AH231 - Art in the Global Early Modern Era
This course examines art produced in the Early Modern era (roughly 1450-1800) across a global range of nations and societies. The Early Modern period encompasses a time of cataclysmic social, religious, scientific and technological change, enhanced by new international commercial and information networks, disparate economic and religious systems, constant political and military conflicts, widespread oppression and genocide, and the rise of radical intellectual and artistic movements. The course incorporates case studies in a wide range of art and cultures (such as Chinese, Persian, Ottoman, African, European, and Central and South American art). Topics for investigation include how art, artists, patrons, and audiences in these historical empires interrogated notions of reality; cosmologies and planetarity; ancient canons; religious devotion; eroticism and death; individualism and issues of class, status, gender, and race; politics and power; and the role of the artist, among others. The course presents art in a comparative transnational and cross-cultural context, while also interrogating larger (art)historical frameworks of colonialism, modernity, markets, and Eurocentricity. Meets the Critical Learning: AIM requirement. Meets the Critical Learning: HP requirement. Meets the Writing in the Discipline requirement. (Not offered 2024-25).
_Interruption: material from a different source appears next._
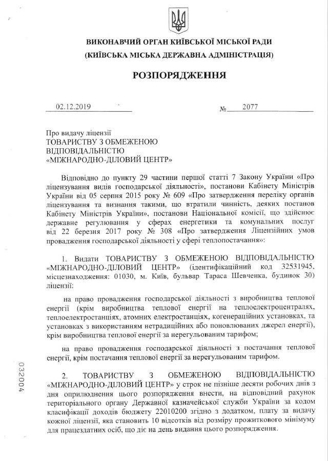 Повідомляємо, що Товариство з обмеженою відповідальністю «Міжнародно-діловий центр» отримало ліцензію на право провадження господарської діяльності з виробництва та постачання теплової енергії .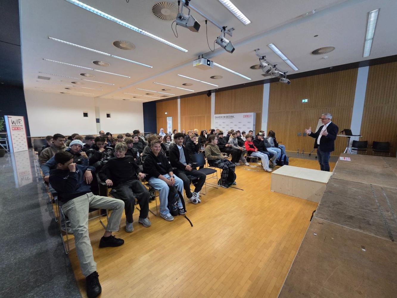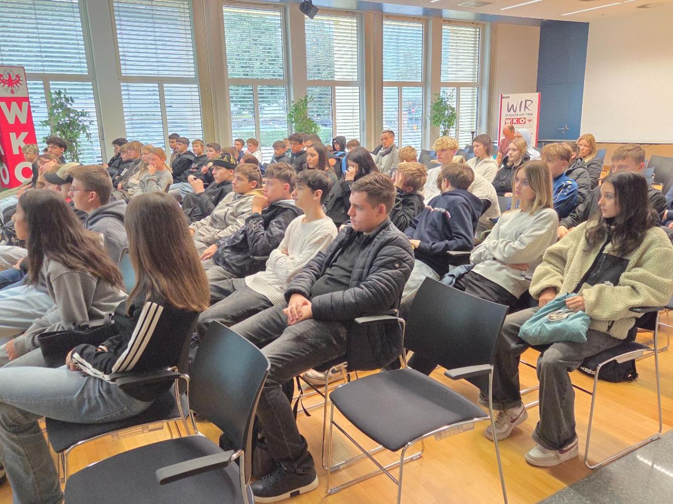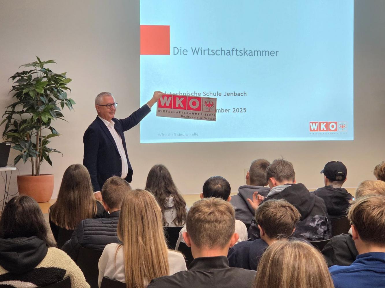 In der ersten Station, der Wirtschaftskammer Bezirksstelle Schwaz begrüßte uns Bezirksstellenleiter Stefan Bletzacher persönlich im großen Saal. Er vermittelte den Jugendlichen die Bedeutung der Wirtschaftskammer als Teil der Sozialpartner, aber auch, was die Wirtschaftskammer mit dem Thema Lehre zu tun hat. Mit eindrucksvollen Zahlen berichtete er über den aktuellen Lehrlingsstand und die großen Chancen für die Zukunft, wenn man einen Lehrberuf wählt.

Degree requirement — Critical Learning: AIM, Critical Learning: HP, Writing in the Discipline
1 unit
Previously Featured Offering
This class examines the innovative art and architecture made for the major courts of 17th-century Europe. In this century of remarkably varied artistic production, paradoxes abounded. Illusion competed with classicism; seriousness of purpose gave way to painted jokes; and artistic identity clashed with political authority. More than ever before, artists explored the dramatic and expressive possibilities of art in this turbulent period. Like today’s artists, Baroque masters struggled to identify and convey a heightened awareness of the complex relationship of an individual to a multivalent reality that resists concrete definition.
The students in AH231 will not only study the art history of the 17th century, but also work on a show entitled “Strange Beauty: Baroque Sensibilities in Contemporary Art” which will open in the IDEA Space on December 6. The exhibition features works by contemporary artists such as Jimmy Baker, Liza Lou, Andres Serrano, Cindy Sherman, Kehinde Wiley, and Sherrie Wolf. With these objects, which uncover connections between Baroque and contemporary experience, students will enter the dynamic territory of museum studies. Their task, simply put, is to make the living legacy of art history in contemporary art understandable, and vital, to today’s viewing public.
No offerings are currently scheduled.